> **AVAILABLE DATA**:
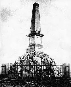 Pomník je členěn do tří částí. Spodní jest násypné těleso, jež se kuželovitě zužuje, slouží k uložení pamětních kamenů. Dělí se na dva stupně, jeho celková výška je cca tři metry. Uprostřed horní plošinky je umístěn betonový dřík o rozměrech 1,5 × 1,5 m, a výšce dvou metrů. Na něm se tyčí vlastní pískovcový pomník, jenž jest šest metrů vysoký.
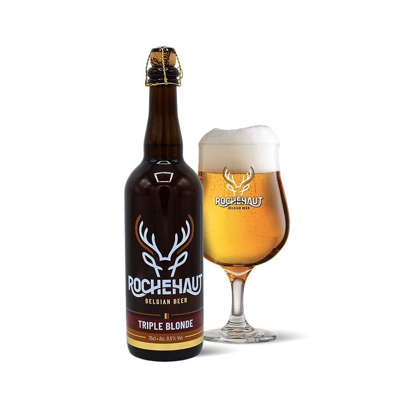 La Rochehaut Triple Blonde è una birra belga prodotta dalla Brasserie de Rochehaut, situata nelle Ardenne belghe Questa Tripel presenta una gradazione alcolica dell 8,5% vol È realizzata con tre cereali: malto d orzo chiaro, avena e frumento, senza aggiunta di zucchero Il malto d orzo conferisce un intenso colore giallo paglierino, mentre l avena e il frumento donano una consistenza setosa e una schiuma cremosa All olfatto, emergono note di malto e freschezza, con sentori di coriandolo e scorza d arancia che aggiungono una delicata freschezza agrumata Al palato, offre un equilibrio tra dolcezza maltata e una leggera amarezza, con un corpo pieno e una sensazione morbida Si consiglia di servirla a una temperatura di 8-12°C in un calice a tulipano per apprezzarne appieno gli aromi e i sapori complessi Questa birra si abbina bene con formaggi stagionati, piatti a base di pesce affumicato e carni bianche.
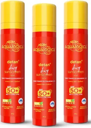 snippets: aqualogica detan dewy sunscreen spray offers spf 50 protection with a lightweight nongreasy formula it hydrates the skin leaves a dewy finish and helps reduce tan easy to apply its great for daily sun protection
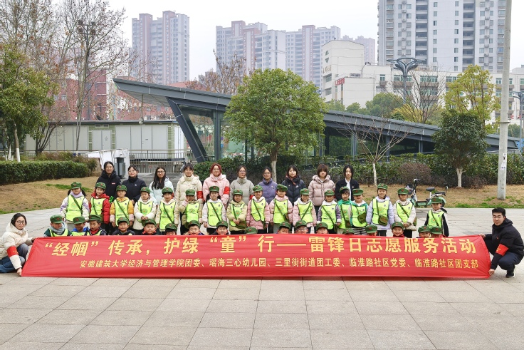 本网讯 3月4日,在第62个 "学雷锋纪念日" 来临之际,受三里街街道团工委、临淮路社区党委、临淮路社区团支部邀请,经济与管理学院 "菁琯" 青年志愿者服务队15名队员走进合肥瑶海三心幼儿园,通过 "故事讲述+仪式教育+劳动实践" 三位一体模式,为30余名学龄前儿童带来沉浸式雷锋精神教育体验。

> **TASK TO CARRY OUT**:
In the copy, include no pictures; everything else in the material should be written out exactly.

> **EXERCISE SOLUTION**:
 Pomník je členěn do tří částí. Spodní jest násypné těleso, jež se kuželovitě zužuje, slouží k uložení pamětních kamenů. Dělí se na dva stupně, jeho celková výška je cca tři metry. Uprostřed horní plošinky je umístěn betonový dřík o rozměrech 1,5 × 1,5 m, a výšce dvou metrů. Na něm se tyčí vlastní pískovcový pomník, jenž jest šest metrů vysoký.
 La Rochehaut Triple Blonde è una birra belga prodotta dalla Brasserie de Rochehaut, situata nelle Ardenne belghe Questa Tripel presenta una gradazione alcolica dell 8,5% vol È realizzata con tre cereali: malto d orzo chiaro, avena e frumento, senza aggiunta di zucchero Il malto d orzo conferisce un intenso colore giallo paglierino, mentre l avena e il frumento donano una consistenza setosa e una schiuma cremosa All olfatto, emergono note di malto e freschezza, con sentori di coriandolo e scorza d arancia che aggiungono una delicata freschezza agrumata Al palato, offre un equilibrio tra dolcezza maltata e una leggera amarezza, con un corpo pieno e una sensazione morbida Si consiglia di servirla a una temperatura di 8-12°C in un calice a tulipano per apprezzarne appieno gli aromi e i sapori complessi Questa birra si abbina bene con formaggi stagionati, piatti a base di pesce affumicato e carni bianche.
 snippets: aqualogica detan dewy sunscreen spray offers spf 50 protection with a lightweight nongreasy formula it hydrates the skin leaves a dewy finish and helps reduce tan easy to apply its great for daily sun protection
 本网讯 3月4日,在第62个 "学雷锋纪念日" 来临之际,受三里街街道团工委、临淮路社区党委、临淮路社区团支部邀请,经济与管理学院 "菁琯" 青年志愿者服务队15名队员走进合肥瑶海三心幼儿园,通过 "故事讲述+仪式教育+劳动实践" 三位一体模式,为30余名学龄前儿童带来沉浸式雷锋精神教育体验。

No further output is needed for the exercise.